> **DATA EXCERPTS**
=== Begin Enclosure ===

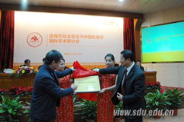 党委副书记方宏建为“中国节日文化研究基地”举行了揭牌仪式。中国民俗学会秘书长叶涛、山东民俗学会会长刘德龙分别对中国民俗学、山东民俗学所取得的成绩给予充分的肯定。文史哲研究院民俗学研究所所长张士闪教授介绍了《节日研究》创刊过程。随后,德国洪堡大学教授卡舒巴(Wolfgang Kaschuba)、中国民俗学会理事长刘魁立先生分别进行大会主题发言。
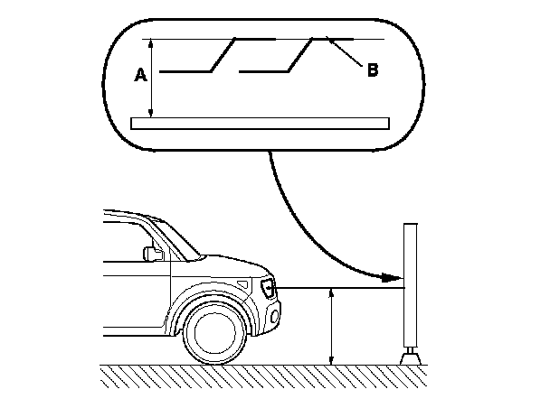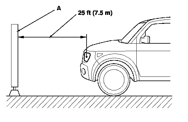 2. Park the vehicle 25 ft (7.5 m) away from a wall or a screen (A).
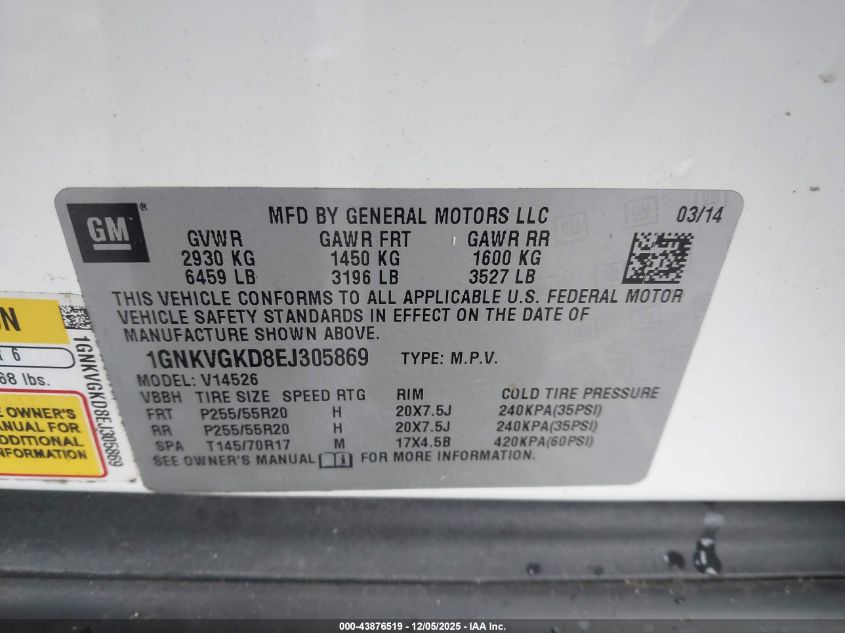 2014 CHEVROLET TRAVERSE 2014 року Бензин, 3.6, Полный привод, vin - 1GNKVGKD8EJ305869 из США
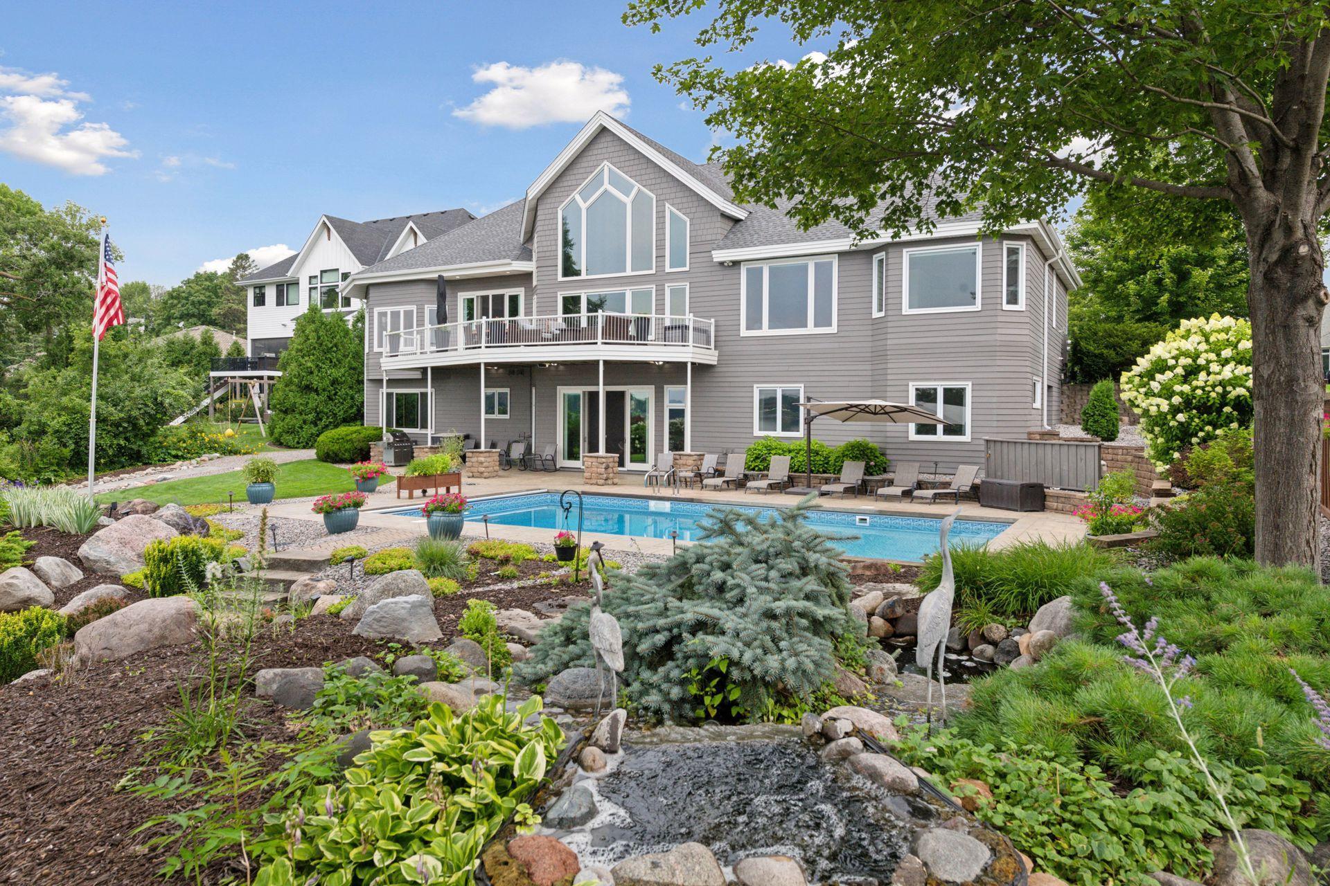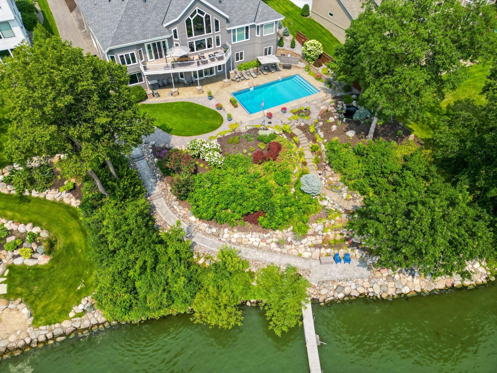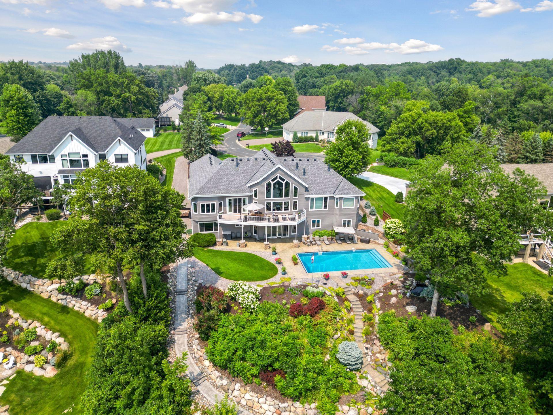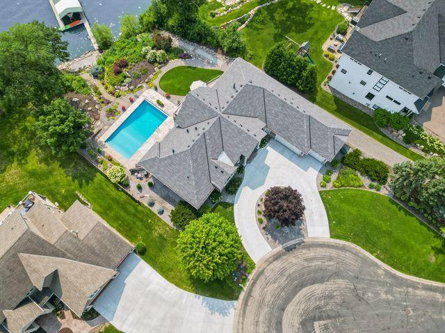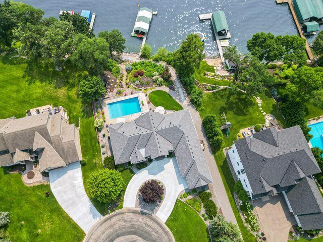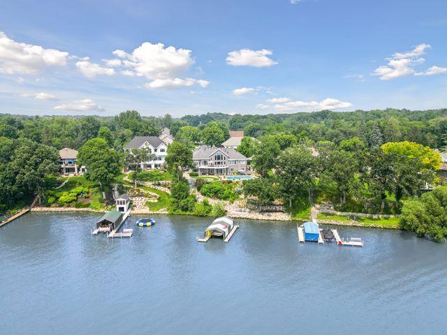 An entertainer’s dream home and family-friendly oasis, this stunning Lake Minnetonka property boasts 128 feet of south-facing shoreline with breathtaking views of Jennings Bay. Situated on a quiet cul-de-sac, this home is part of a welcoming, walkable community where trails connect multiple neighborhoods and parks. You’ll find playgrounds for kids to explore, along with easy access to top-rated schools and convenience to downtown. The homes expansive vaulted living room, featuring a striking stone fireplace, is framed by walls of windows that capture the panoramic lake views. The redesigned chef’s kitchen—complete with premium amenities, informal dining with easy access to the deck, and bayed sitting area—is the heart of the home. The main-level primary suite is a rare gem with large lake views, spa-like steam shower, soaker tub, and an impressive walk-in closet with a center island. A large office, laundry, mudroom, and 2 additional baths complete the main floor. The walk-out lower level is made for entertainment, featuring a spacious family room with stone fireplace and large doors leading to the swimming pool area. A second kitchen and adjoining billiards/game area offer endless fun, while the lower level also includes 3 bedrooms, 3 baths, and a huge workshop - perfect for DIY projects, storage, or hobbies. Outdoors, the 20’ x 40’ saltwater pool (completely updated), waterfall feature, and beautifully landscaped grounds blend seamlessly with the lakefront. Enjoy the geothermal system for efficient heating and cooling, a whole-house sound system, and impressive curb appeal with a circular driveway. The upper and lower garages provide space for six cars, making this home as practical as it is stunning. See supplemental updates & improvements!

=== End Enclosure ===
=== Begin Enclosure ===

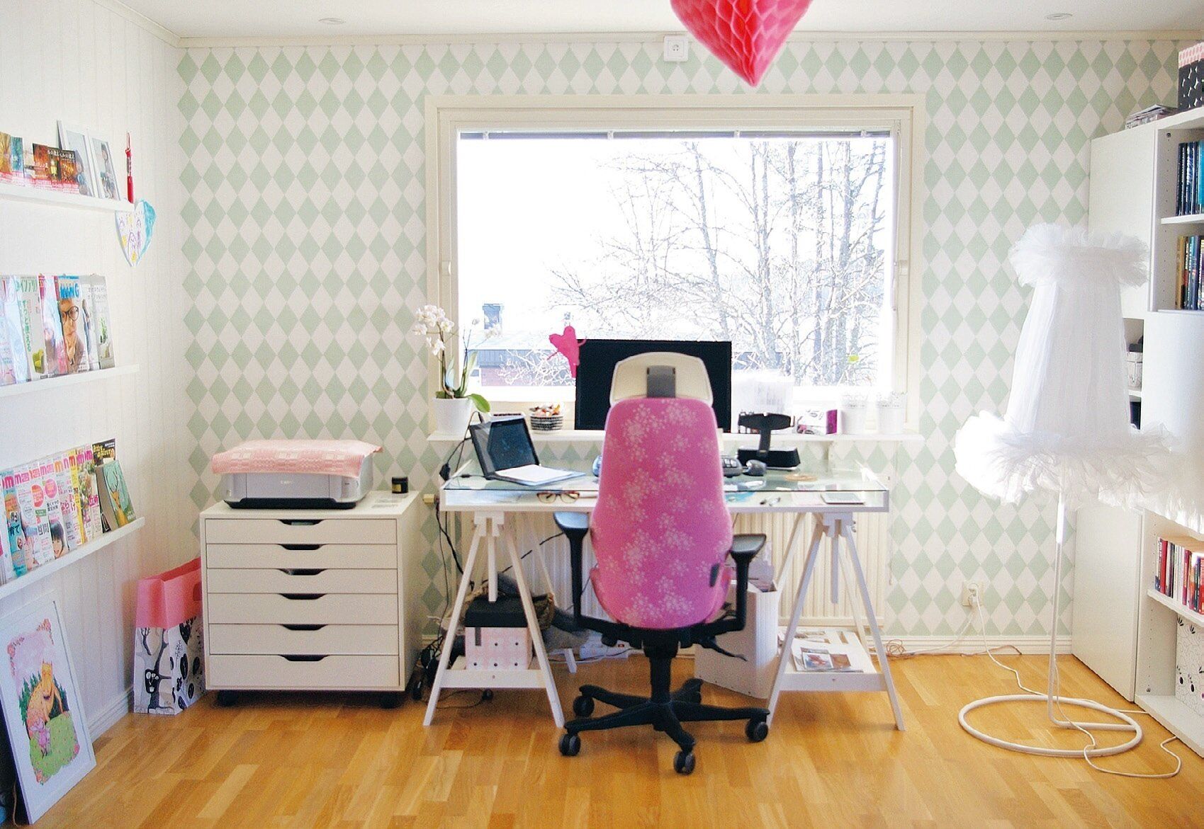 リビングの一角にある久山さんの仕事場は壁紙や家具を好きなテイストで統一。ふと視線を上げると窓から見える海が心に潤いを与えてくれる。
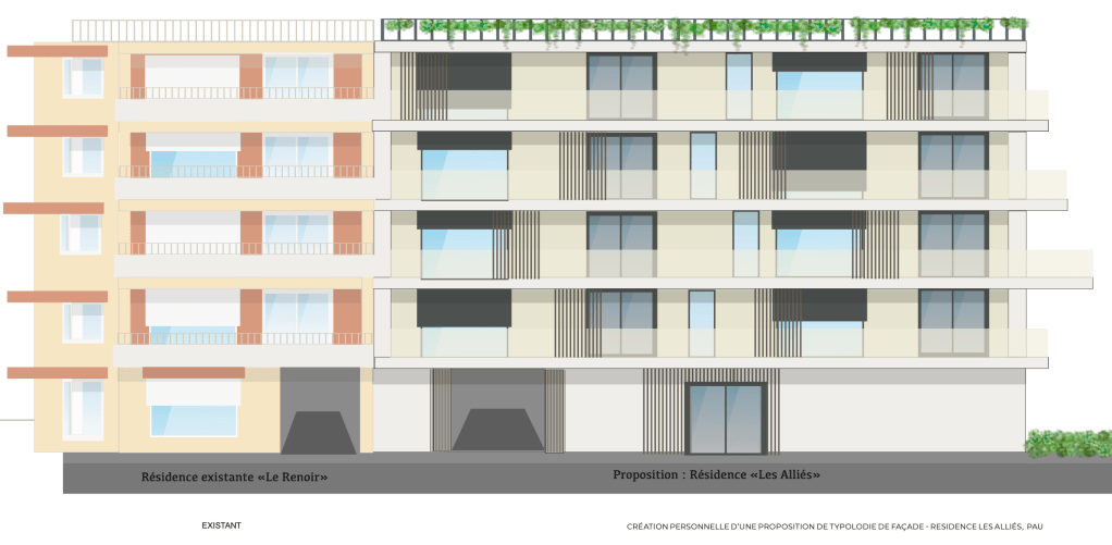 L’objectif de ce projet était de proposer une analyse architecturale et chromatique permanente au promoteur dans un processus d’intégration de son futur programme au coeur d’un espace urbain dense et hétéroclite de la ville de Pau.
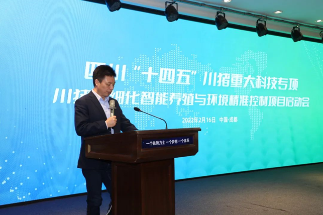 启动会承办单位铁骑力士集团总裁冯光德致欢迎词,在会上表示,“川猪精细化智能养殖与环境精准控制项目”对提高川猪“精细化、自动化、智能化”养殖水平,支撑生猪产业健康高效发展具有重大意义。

=== End Enclosure ===

> **EXERCISE INSTRUCTIONS**
Quote the lines above exactly, starting with the one that has "リビングの一角にある久山さん" and ending with the one that has "启动会承办单位铁骑力士集团总"; drop the pictures and include nothing else.

> **EXPECTED OUTPUT**
 リビングの一角にある久山さんの仕事場は壁紙や家具を好きなテイストで統一。ふと視線を上げると窓から見える海が心に潤いを与えてくれる。
 L’objectif de ce projet était de proposer une analyse architecturale et chromatique permanente au promoteur dans un processus d’intégration de son futur programme au coeur d’un espace urbain dense et hétéroclite de la ville de Pau.
 启动会承办单位铁骑力士集团总裁冯光德致欢迎词,在会上表示,“川猪精细化智能养殖与环境精准控制项目”对提高川猪“精细化、自动化、智能化”养殖水平,支撑生猪产业健康高效发展具有重大意义。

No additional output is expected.